Alternatives considered¶
| Option | Pros | Cons | Why not chosen |
|---|---|---|---|
| Scatter-only (drop the lines, plot each picked-CRF as a marker) | Trivial change; no plumbing; no misleading line | Loses the rate-quality story; user can't see codec curves; pareto-frontier is the only line | Less informative; doesn't surface the codec's intrinsic R-Q shape |
| From-bisect-samples (chosen) | Plots genuine codec R-Q curves; no overshoot artefact; picked-CRF still highlighted; pareto preserved | Schema additive change; touches bisect + compare + report + CLI ingest | Strictly more informative; the bisect already computed these — just plumbing |
| Hull-fit per codec (fit a smooth log-linear hull through the picked points) | Smooth curve; one line per codec | Hides the discrete CRF cells the bisect actually probed; the "fit" is fiction unless calibrated | Adds a model with no evidence it matches the codec; defeats the "real measurements" purpose |
Keep defaults at 85,90,92,95 | No CLI surface change | Premium-only sweep; ignores the broadcast / low-streaming operating range | The whole point of the compare sweep is to inform encoding decisions; defaults that don't match real operating points are misleading |
Consequences¶
- Positive: rate-quality chart now shows genuine codec curves; no impossible downward dips. Default sweep covers realistic streaming targets. Bisect samples are exposed for downstream analysis (e.g. operator scripts that want the raw R-Q points).
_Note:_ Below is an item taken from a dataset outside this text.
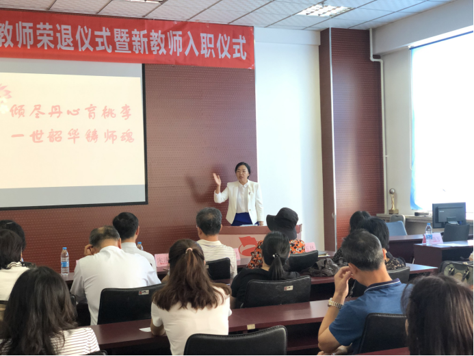 退休教师代表赵明媚表示:老教师在这个舞台上的谢幕,新老师在这个舞台上登场,她希望,年轻教师接好老教师的接力棒,在这个舞台上不断创造新成绩。赵明媚老师说做好一名思政课教师应该做好以下四点要求。首先,爱岗敬业,尊重自己的选择。其次,用心教学,超越自我。爱这一行就要用心去做,要用心备课;用心讲课;做学生的知心朋友。再次,勤奋钻研,提高自我。她强调作为教师更要加强锻炼,健康自我。最后她感谢领导、同事们一直以来关怀和帮助。

- Negative: v2 JSON payloads grow by ~3-5 sample dicts per (codec, target) row (~few KB per sweep). CSV intentionally drops the structured column (
extrasaction="ignore"on the DictWriter) so the flat row contract is preserved. - Neutral / follow-ups: existing v10 reports (no
bisect_samples) still render via the legacy chart with the caveat note — operators can opt in by regenerating the sweep with the new CLI. The newBisectSampleandBisectSamplePointtypes are exported fromvmaftune.bisectandvmaftune.reportrespectively.
References¶
- PR #1276 (ADR-0516) — multi-target sweep that introduced the bug pattern.
- BBB 4K v10 report — the libx265 target 92 → 90.5 / target 95 → 95.3 case that motivated this ADR.
req(direct user request, 2026-05-18): "Pick option 2 — it's strictly more informative AND avoids the misleading connect-the-dots artifact. The bisect already probes 3-5 CRFs per (codec, target); just emit them in the JSON and the report renders them."req: "Change default to a wider realistic range: 75,80,85,90,93 (5 points covering low-end streaming through premium). The top end stops at 93 (not 95) because 95+ requires bisect to push CRF too low and often misses, producing useless rows."